The apache Hadoop project develops open source software’s. The properties of Apache Hadoops are,

  1. Reliable
  2. Scalable
  3. Distributed computing

The Apache Hadoop software is a type of library and this software library act as a framework. By using a simple programming model the above framework permits for the distributed processing of bulk data sets across clusters of computers. The simple programming model designed to scale up from the single server to thousands of machines and each machine permits local computation and storage. The software library is more reliable rather than on hardware to deliver the high availability. The software library itself is designed to detect and handle errors or failure conditions at the application layer.

To get the Hadoop environment and for installation we need the following three sub projects.

  1. Hadoop common: – The Hadoop common utilities support the other Hadoop sub projects.
  2. MapReduce: – It process large data sets on compute clusters.
  3. HDFS: – HDFS stands for Hadoop distributed file system. This file system provides high throughput access to application data.

Other Hadoop related projects are,

1)      Avro: – A data serialization system.

Avro allows the following properties.

  • It allows rich data structures.
  • It permits compact, fast, binary data format.
  • It allows a container file that helps to store persistent data.
  • It permits RPS mechanism. RPC stands for Remote Procedure Call.
  • Simple integration with dynamic languages.

2)      Cassandra: – A scalable multi-master database with no single points of failure. Apache Cassandra provides scalability and high availability without compromising performance. Linear scalability and fault tolerance properties help to make it as the perfect platform for critical data. Cassandra’s ColumnFamily data model offers the convenience of column indexes with the performance of log-structured updates, strong support for materialized views, and powerful built-in caching.

READ  Hadoop Hive

3)      Chukwa: – A data collection system for managing large distributed systems. Chukwa is built on top of the Hadoop Distributed File System (HDFS) and Map/Reduce framework and inherits Hadoop’s scalability and robustness. It also includes a flexible and powerful toolkit for displaying, monitoring and analyzing results to make the best use of the collected data.

4)      HBase: – A scalable, distributed database that supports structured data storage for large tables.

Properties of HBase:-

  • Linear and modular scalability.
  • Strictly consistent reads and writes.
  • Automatic and configurable sharding of tables
  • Automatic failover support between RegionServers.
  • Convenient base classes for backing Hadoop MapReduce jobs with HBase tables.
  • Easy to use Java API for client access.
  • Block cache and Bloom Filters for real-time queries.
  • Query predicate push down via server side Filters.
  • Thrift gateway and a REST-ful Web service that supports XML, Protobuf, and binary data encoding options.
  • Extensible jruby-based (JIRB) shell.
  • Support for exporting metrics via the Hadoop metrics subsystem to files or Ganglia; or via JMX

5)      Hive: – A data warehouse infrastructure that provides data summarization and ad hoc querying.
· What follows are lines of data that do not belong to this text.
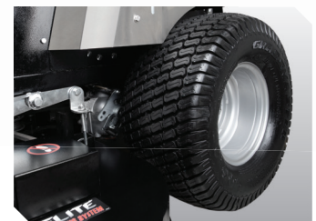
Large Rear Tires – More traction, more speed, and better stability
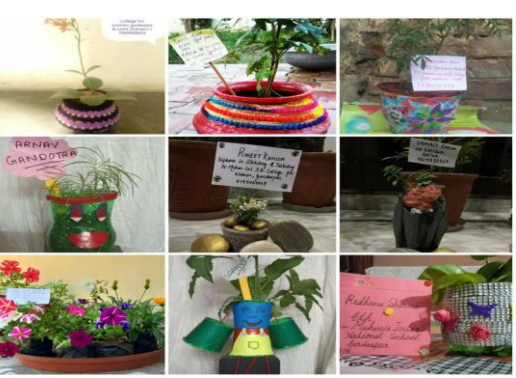
Share for Cleaner Air On 23<sup>rd</sup> May 2020
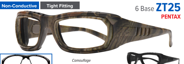
Non-Conductive Tight Fitting

Rx limitations: -4.00 to +4.00 total power including a -3.00 cylinder Phoenix, Trivex & Poly Lenses ONLY
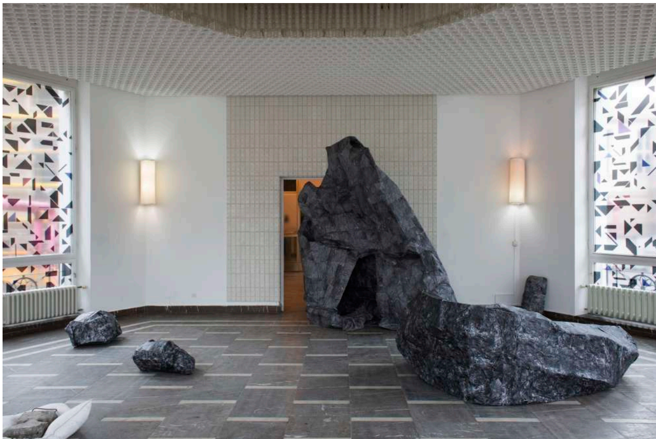
Schinkel Pavillon, exhibition view | vue de l'exposition

>> Please contact us for HD photos | n'hésitez-pas à nous contacter pour obtenir des photos HD
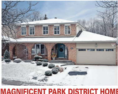
MAGNIFICENT PARK DISTRICT HOME 73 MARY STREET, GEORGETOWN This 4+1 bdrm home has been completely upgraded. Hardwood on main level. Lots of custom cabinetry. 3 walkouts to deck and ravine backyard with inground pool. $689,900 MLS W2275072 MaryStreet.ca 12-029
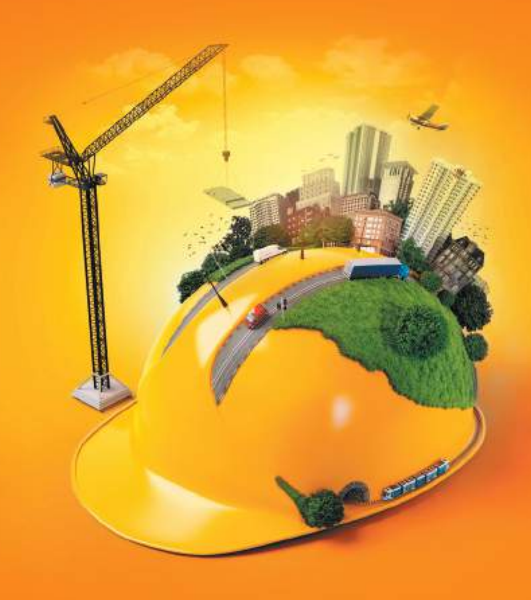
Be the Engineer & Technologist of tomorrow
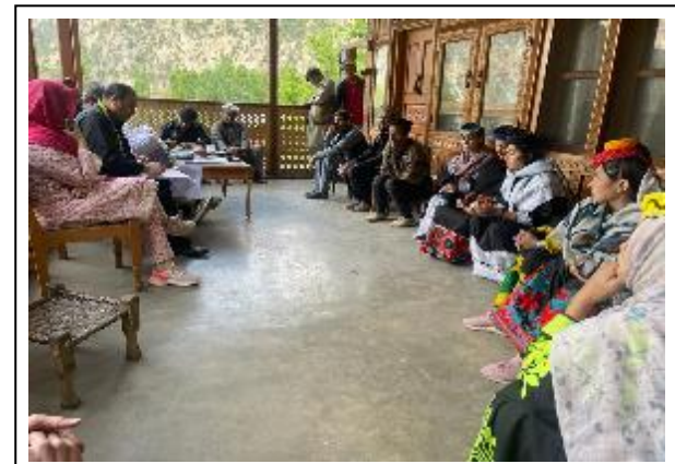
Mashbarai marakha / FGD Kra'ka' ghrom una Kal'as'a ghrom chom ani mocan som

Cot'ala Po'n' 3: Mashbarai mashkulgian Phut'u/ FGDs Munakit aran
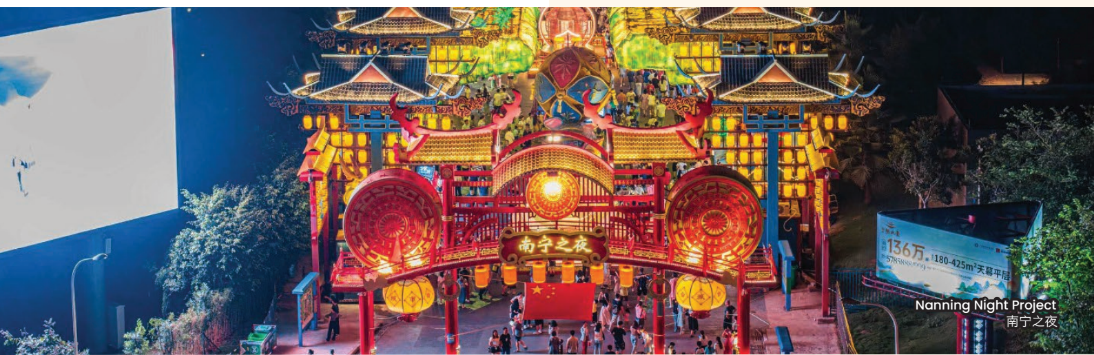
Nanning Night Project 南宁之夜

Sequences of itinerary are subject to local arrangement. Itineraries, meals, hotels and transportation are subject to change without prior notice.
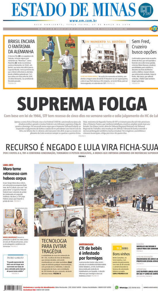
Figure 4 – Supreme break
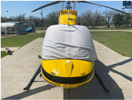
Bell 407 Windshield Cover

Travel Covers are made with Silver Solution-Dyed Polyester fabric and fully lined over the entire cover. The material is lightweight and more compact for easy stowage in the aircraft. The polyester material is water resistant, but only intended for occasional use outside. We also have an ultra lightweight material available for fitted hangar dust covers. For daily outdoor use, the non-travel Sunbrella Cover is the best choice.
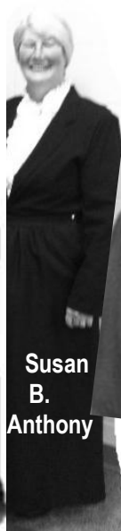
Susan B. Anthony
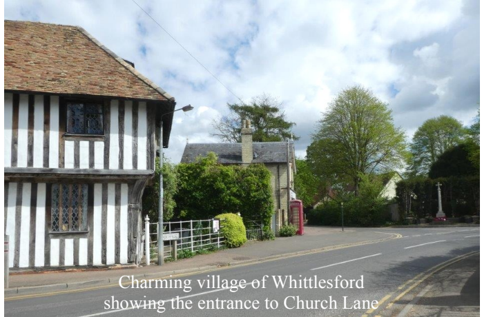
Charming village of Whittlesford showing the entrance to Church Lane
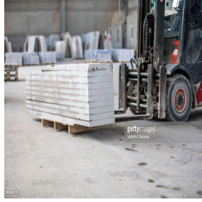
大吨位调距叉 Heavy-Duty Fork Positioner

起初为将货物吊高而设计，该属具常用于石材玻璃行业。 Jib Attachment was designed for lifting goods originally. This forklift attachment commonly used in the stone /glass industry.
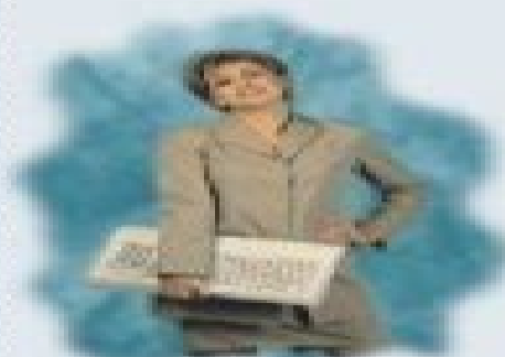
Elite-II is an elite computer! After all, you're the elite.

6)      Mahout: – A Scalable machine learning and data mining library.

Features of Mahout:-

    • Scalable to large data sets
    • Scalable to support your business case.
    • Scalable community

7)      Pig: – A high-level data-flow language and execution framework for parallel computation.

Features of Hadoop

1)      Ease of programming. It is trivial to achieve parallel execution of simple, “embarrassingly parallel” data analysis tasks. Complex tasks comprised of multiple interrelated data transformations are explicitly encoded as data flow sequences, making them easy to write, understand, and maintain.


2)      Optimization opportunities. The way in which tasks are encoded permits the system to optimize their execution automatically, allowing the user to focus on semantics rather than efficiency.

3)      Extensibility. Users can create their own functions to do special-purpose processing.

4)      ZooKeeper: – A high performance coordination service for distributed applications. ZooKeeper provides centralized service. It helps for maintaining configuration information, naming, providing distributed synchronization and providing group services.

Applications of Hadoop

  1. Organizations or companies use Hadoop for research
  2. Organizations or companies use Hadoop for production.